Circularity refers to the idea that when products reach the end of their life, they can go back into a useful cycle as a valuable resource.
To design a product for circularity, product designers must sort materials into two types: biological or technical.
Biological materials are natural materials (common elements are carbon, hydrogen, and oxygen). These materials can be cycled back to nature through a process such as anaerobic digestion and composting.
Humans are part of the biological cycle since we are organisms. As hunter-gathers, we used biological materials and returned them to nature as all other organisms do. However, with industrialization, the way humans use nature has changed due to the scale of our consumption. Society now uses resources faster and stores material in products, buildings, and infrastructure for years and decades.
Further, we make entirely new types of materials, called technical materials, that can’t be processed by the biological cycle.
Products made from technical materials such as plastics, metals, and alloys accumulate as waste because they cannot break down and return to nature as nutrients for our planet. Further, the biological cycle cannot remove the toxins from transition metals; specific metals used to make products stronger, harder, and less reactive.
Understanding the distinction between these two material streams is essential because, separately, both types of materials may retain value in their separate circular loops. The biological materials come from nature and return to nature. And the technical materials can be reused, remanufactured, or recycled multiple times.
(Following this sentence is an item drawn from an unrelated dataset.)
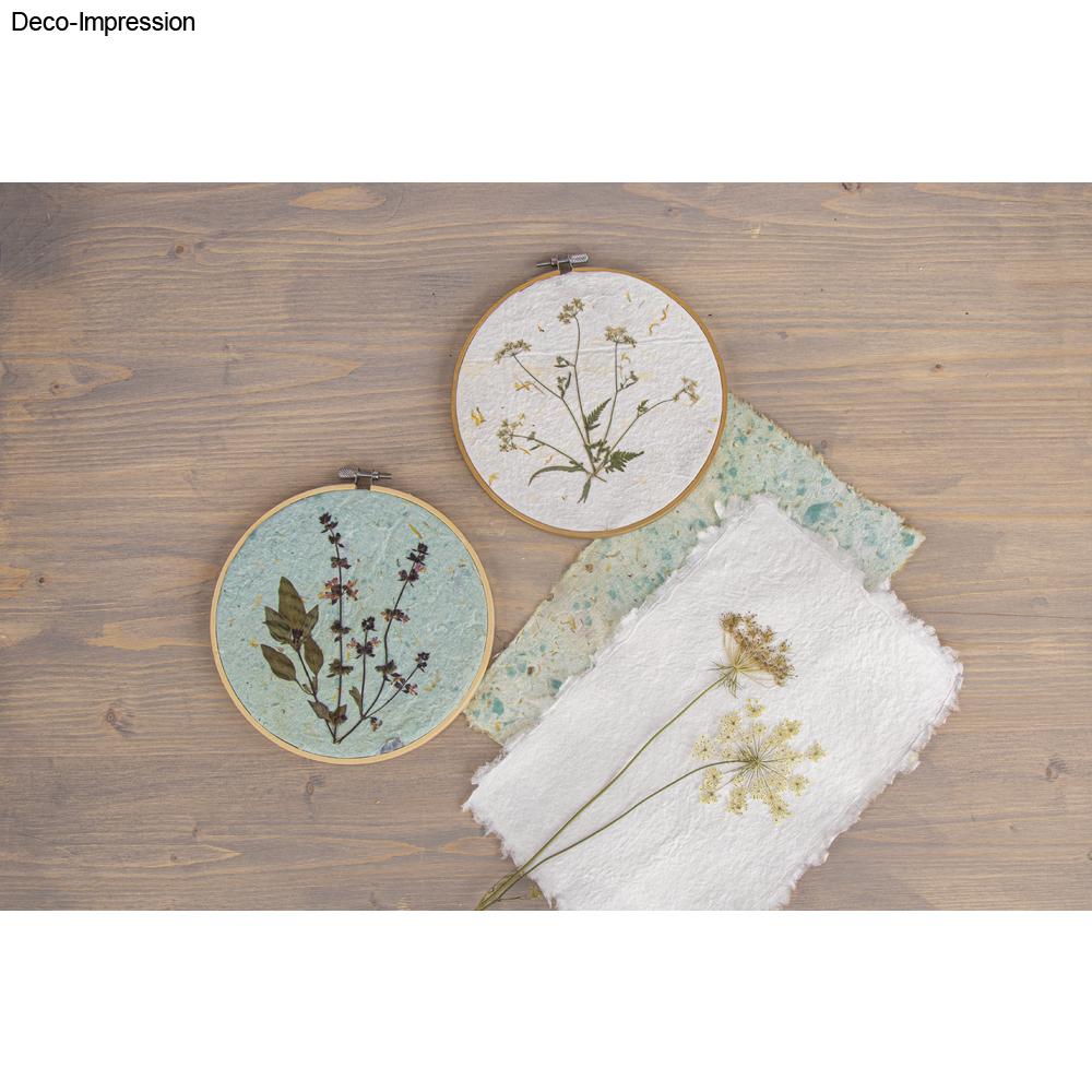 Reichweite: 1 Platte ergibt ca. 6 geschöpfte, weiße Papiere im Format 15x24cm, d.h. die 5 Platten ergeben ca. 30 Papiere in diesem Format.

However, if a product is made from both biological and technical materials that cannot be separated, the potential for circularity is lost. In this case, the product is destined to be wasted at the end of its useful life.
Careful product design is essential. A simple example of a deliberate product design to avoid mixed material is a plastic yogurt container made of a plastic container wrapped in a thin layer of paperboard. The paperboard provides strength so that less plastic can be used, making the product attractive. As long as the paperboard is not glued or attached, it is easily separated and composts in the biological cycle. Likewise, the plastic container recycles in the technical cycle.